Currently, a cure for fibromyalgia is lacking. However, some treatments may be effective at reducing symptoms, such as medications, behavioral interventions, support groups, patient education and exercise. In mild cases, a reduction in stress and certain lifestyle changes may be enough to manage the disease. These changes may include counseling, regular exercise, physical therapy, healthy sleep habits, and stress reduction.
The recent meta-analysis and systematic review combined the results of six controlled trials. There was a total of 239 patients with fibromyalgia who received an average of nine hypnosis and guided imagery sessions.
Hypnosis, which is also known as hypnotherapy, is a trance-like state of altered consciousness in which the patient experiences increased focus, concentration, and openness to suggestion. Guided imagery is the process of directing a person's thoughts through suggestions that direct towards a relaxed and focused state.

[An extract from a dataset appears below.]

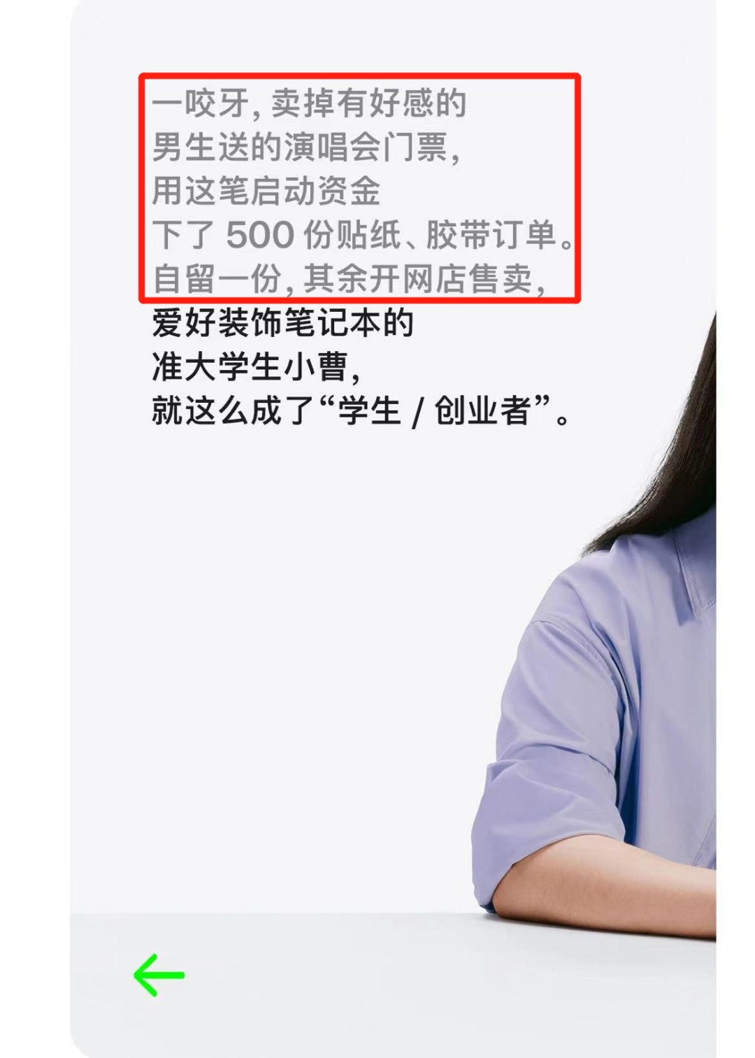 “一咬牙,卖掉有好感的男生送的演唱会门票,用这笔启动资金下了500份贴纸、胶带订单,自留一份,其余开网店售卖”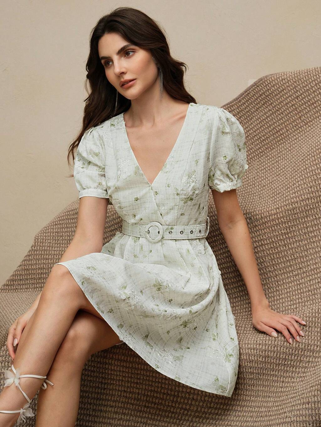 上品なフレンチスタイル ディジーフラワー パフスリーブ Vネック ベルト付きウエストドレス、春夏のフェスティバルや卒業式に

The results showed that hypnosis and guided imagery did not statistically significantly reduce limitations in health-related quality of life in patients with fibromyalgia at the time of final treatment. Due to lack of available data, changes in fatigue, sleep, depressed mood, and health-related quality of life at follow-up were not calculated.
The researchers concluded that due to few available trials and trials of poor quality, future well-designed trials are necessary to adequately assess the impact of hypnosis and guided imagery on fibromyalgia.
In an evidence-based clinical review, Natural Standard found that hypnosis and guided imagery had unclear or conflicting evidence in the treatment of fibromyalgia. Further well-designed research may be necessary to realize their potential benefits. Natural Standard found, however, that both hypnosis and guided imagery have good scientific evidence for the treatment of certain types of headache and pain. In addition, hypnosis also has good scientific evidence as an adjunct to cognitive behavior therapy (CBT) and for treating anxiety and irritable bowel syndrome (IBS).